Records:
==========
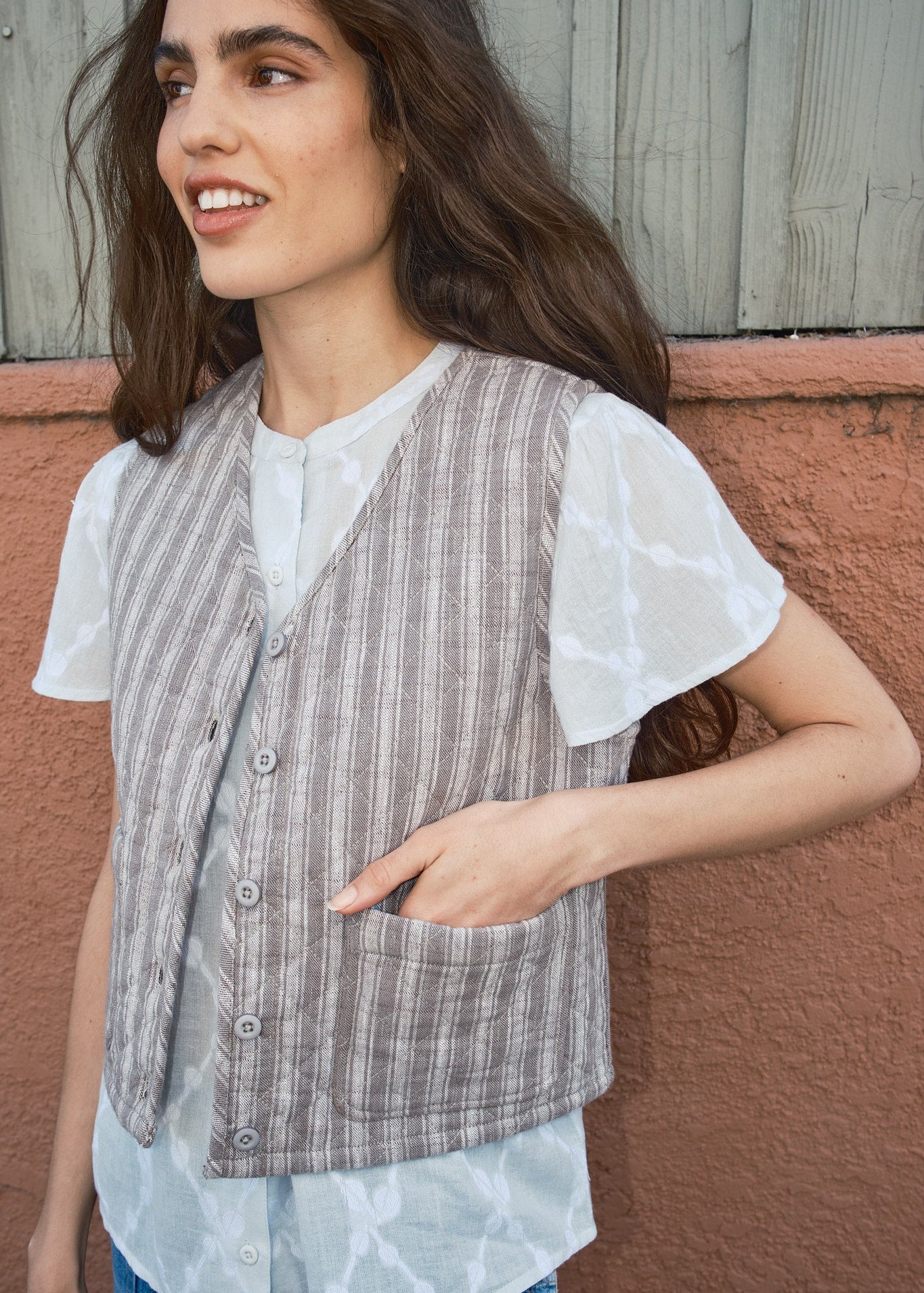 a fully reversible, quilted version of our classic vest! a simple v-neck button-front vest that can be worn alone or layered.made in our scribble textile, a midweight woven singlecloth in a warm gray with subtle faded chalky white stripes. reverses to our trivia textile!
==========
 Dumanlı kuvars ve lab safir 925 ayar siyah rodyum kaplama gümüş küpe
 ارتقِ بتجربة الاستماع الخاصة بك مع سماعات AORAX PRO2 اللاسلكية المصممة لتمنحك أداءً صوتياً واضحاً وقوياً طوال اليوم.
==========
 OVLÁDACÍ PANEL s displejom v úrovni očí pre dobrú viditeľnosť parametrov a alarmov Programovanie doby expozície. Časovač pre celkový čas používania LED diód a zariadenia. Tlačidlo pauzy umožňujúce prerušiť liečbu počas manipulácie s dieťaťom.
==========
Task brief: For this exercise, please output exactly the lines above starting at the line with "Dumanlı kuvars ve" and ending at the line with "ارتقِ بتجربة الاستماع", ends included.

Task solution:
 Dumanlı kuvars ve lab safir 925 ayar siyah rodyum kaplama gümüş küpe
 ارتقِ بتجربة الاستماع الخاصة بك مع سماعات AORAX PRO2 اللاسلكية المصممة لتمنحك أداءً صوتياً واضحاً وقوياً طوال اليوم.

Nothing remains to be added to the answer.